--- ACTION ITEM ---
For each line below that contains the word "Image", return that line.
(MATERIAL FOR THE TASK Opens)
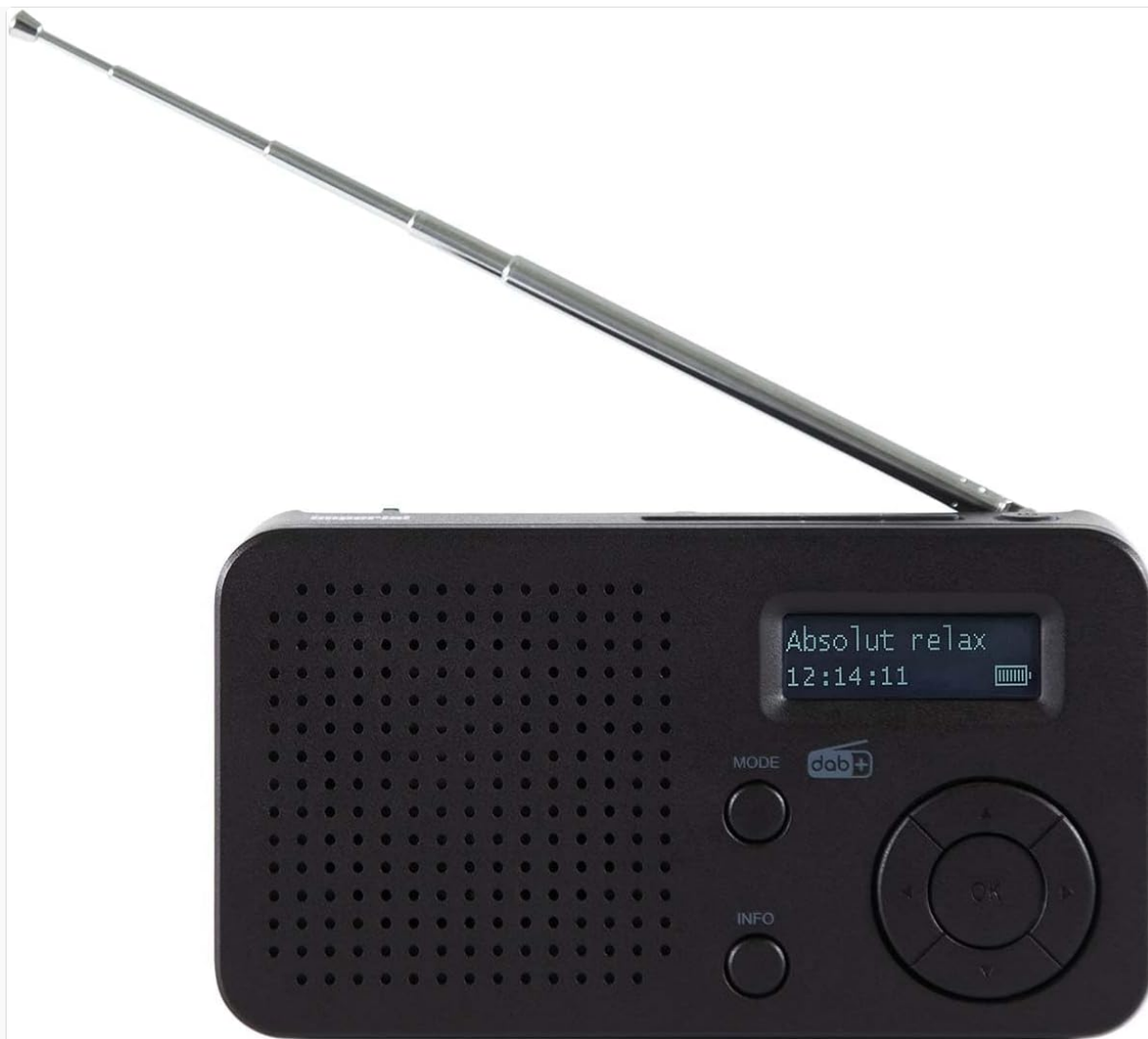
Image: The IMPERIAL DABMAN 17 portable radio with its telescopic antenna extended, displaying station information on its LCD screen.
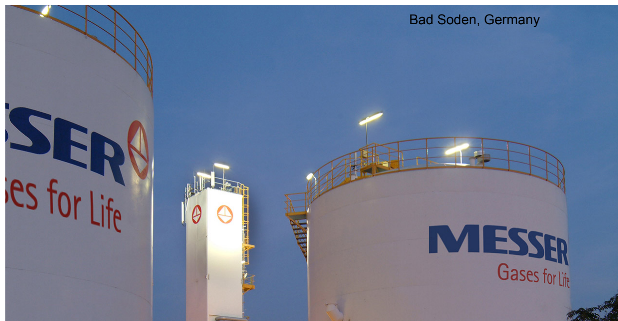
Bad Soden, Germany

Image brochures ( https://www.messergroup.com/image-brochures )
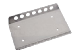
Stainless rail, Art. No. 508-728 and 508-179
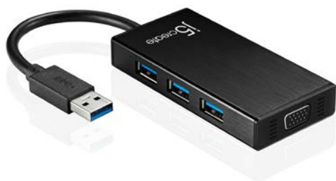
JUH410 VGA & 3-Port HUB
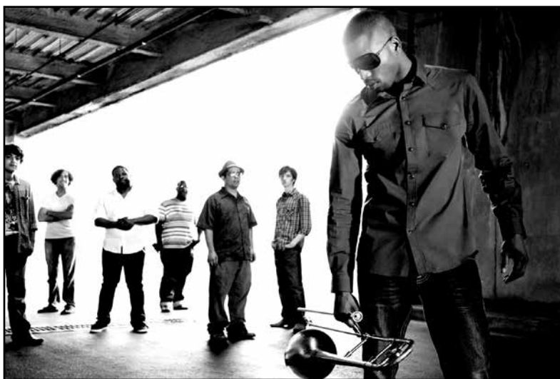
Trombone Shorty & Orleans Avenue

Verizon Super Bowl Boulevard, on the grounds of the Audubon Institute's Woldenberg Park, will feature a four-day lineup of local music artists, popular food and beverage offerings, live national television broadcasts, interactive fan events, and the iconic larger-than-life Super Bowl roman nu-
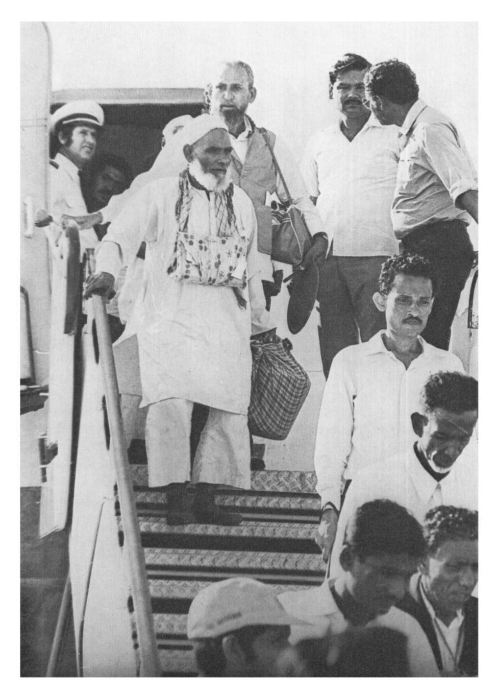
Arrival in Dacca of first group of Bengalis repatriated from Pakistan under ICRC auspices.
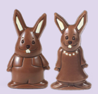
BOY AND GIRL BUNNY in hollow milk chocolate w/white accents in cello bag (mixed case of 6 of each) (5" Tall) 12/case 20685
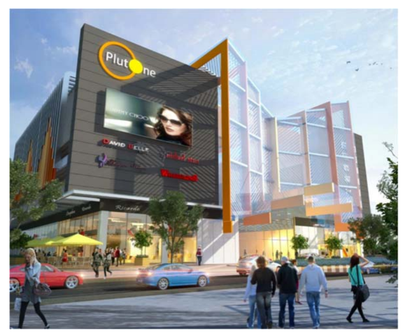
Plutone Plaza Mall, Rourkela
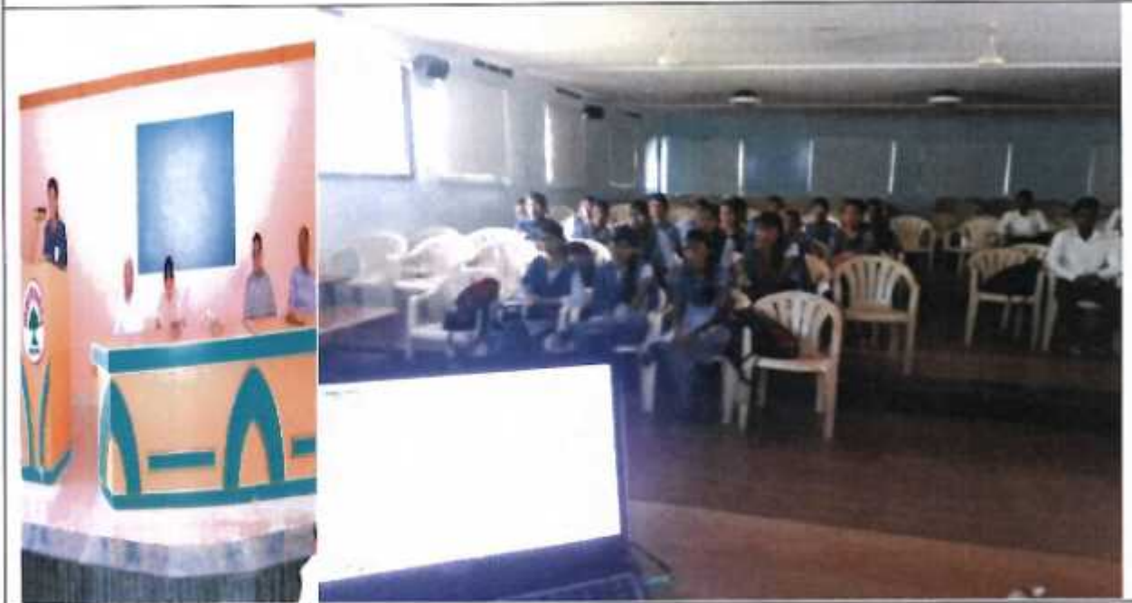
Coordinator Competitive Examination Committee

Number of Students Participated : 59 Video Lecture
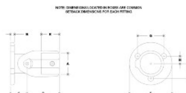
#41 Adjustable Flange (Wall Mount Only)
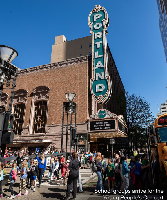
School groups arrive for the Young People's Concert

Oregon Symphony musicians partner with Earthtones Northwest Music Therapy to present interactive, music therapy-informed sessions of beautiful music, relaxing movement, and joy in memory care facilities and centers serving adults with disabilities.
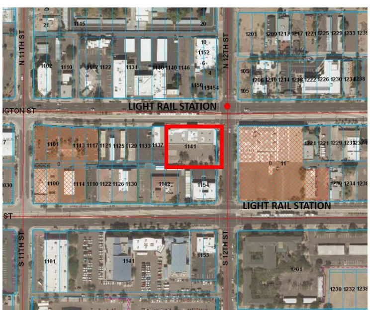
Aerial view of subject site and surrounding properties.

The property to the east of the subject site is zoned C-2 HR TOD-1 (Intermediate Commercial, High Rise, Interim Transit-Oriented Zoning Overlay District One) and is being developed with a 5-story mixed use residential building.
(MATERIAL FOR THE TASK Closes)
--- ANSWER BOX ---
Image: The IMPERIAL DABMAN 17 portable radio with its telescopic antenna extended, displaying station information on its LCD screen.
Image brochures ( https://www.messergroup.com/image-brochures )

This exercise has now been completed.